We don't always get what we want. Any child with marginally acceptable guardians will tell you that. Even if I understand this fact of life, however, it rarely stops me from being disappointed when I'm denied something I want. On the day I met that kestrel thief, for example, I was eventually forced to remind myself that I couldn't always win, even though my expression still soured in the end.
I stood there in that decrepit grave of a bed chamber for quite some time, watching the two women from earlier in the day as they went about their confrontation with the pirates. Yet contrary to my every expectation, I noticed a surprising lack of tension coming from them: particularly the thief. She ignored the arsonist entirely, reducing their relationship to a bankrupt status. Sadly, she also seemed to escape the city with little trouble, like there was no challenge or conflict in it for her. Her hijacking a carriage near the end was all well and good, but that was about all she gave me to work with.
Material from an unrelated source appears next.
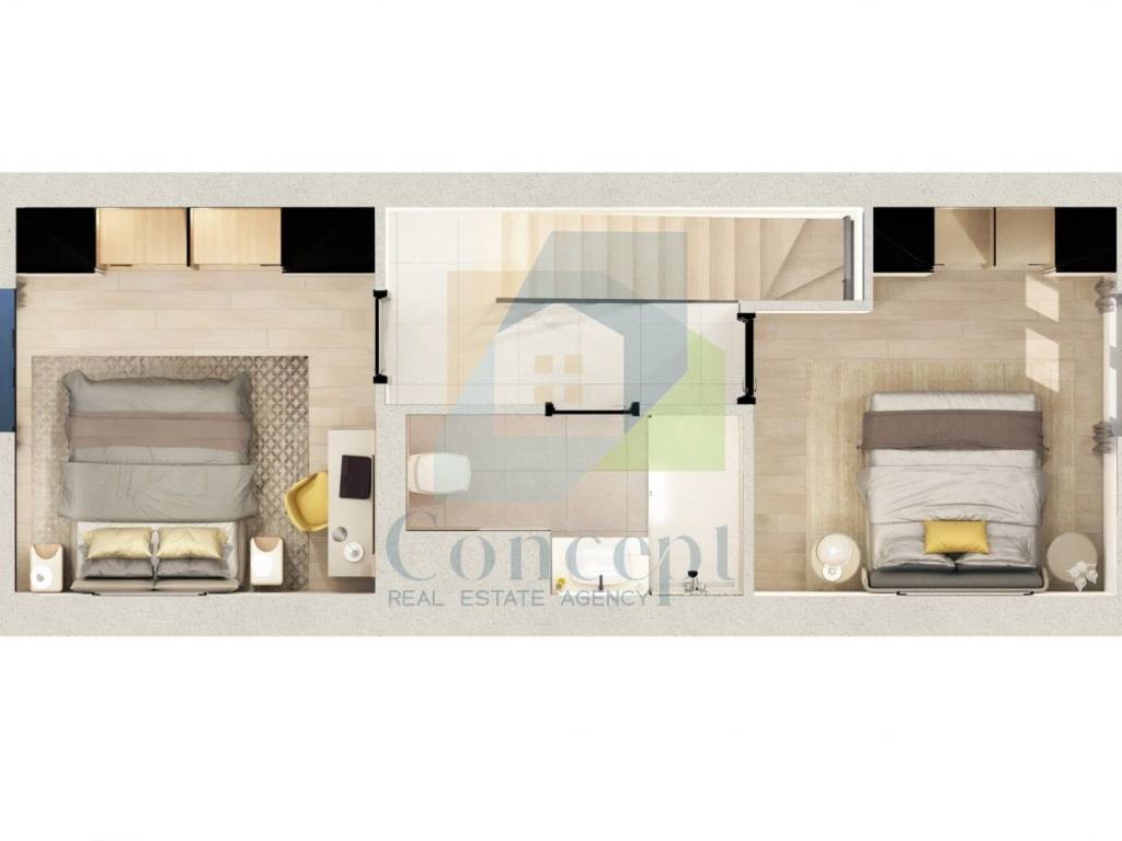 Questo appartamento su due piani è ideale per coloro che cercano uno spazio abitativo confortevole e funzionale, con ottime connessioni con il mare e la città.

There was no major showdown to this theft that Shiloh orchestrated; no last minute traps from the owner to add romanticism to a piece. Rather, the sides of the conflict were woefully unbalanced until the expectantly lackluster end. Perhaps someone else could find inspiration in something like that, but not I. Instead, I lost interest in Shiloh as soon as she reached the ocean, deciding it best to leave her to her own devices. She clearly didn't require my help, after all, not against such a seemingly ordinary opponent.
Oddly enough, it was Vinsue who garnered my attention thereafter. I didn't care for her arrogance, but her bombastic style did make for interesting material. The execution that she interfered with after Shiloh's escape, for example, became the inspiration for a landscape I completed a few days after we met. According to that portrait, Vinsue fought long enough against the executioner's lackeys to secure an escape for her friends. Although, the piece made no mention of the actual events composing said fight; especially since that wasn't the point it was trying to make. No one who bought that portrait cared about the smoke arrow I fired into the crowd that day, nor about the smokescreen said arrow helped create. They only cared about the idea of a nameless hero fighting against the "pirate scum" of Vilpamolan.
Regardless, I did end up helping Vinsue once I noticed the trouble she was in. Just as I described, I loosed that arrow from a distant rooftop after the dragon had already engaged her foes. The arrow started up a cloud of smoke in the area of the executioner's platform: something that Vinsue could use to her advantage if she was smart. I didn't take any further action beyond that, however, instead choosing to remain hidden. My role that day was destined to be limited, as in all things that didn't concern me. That was the norm for a forgotten outsider, no?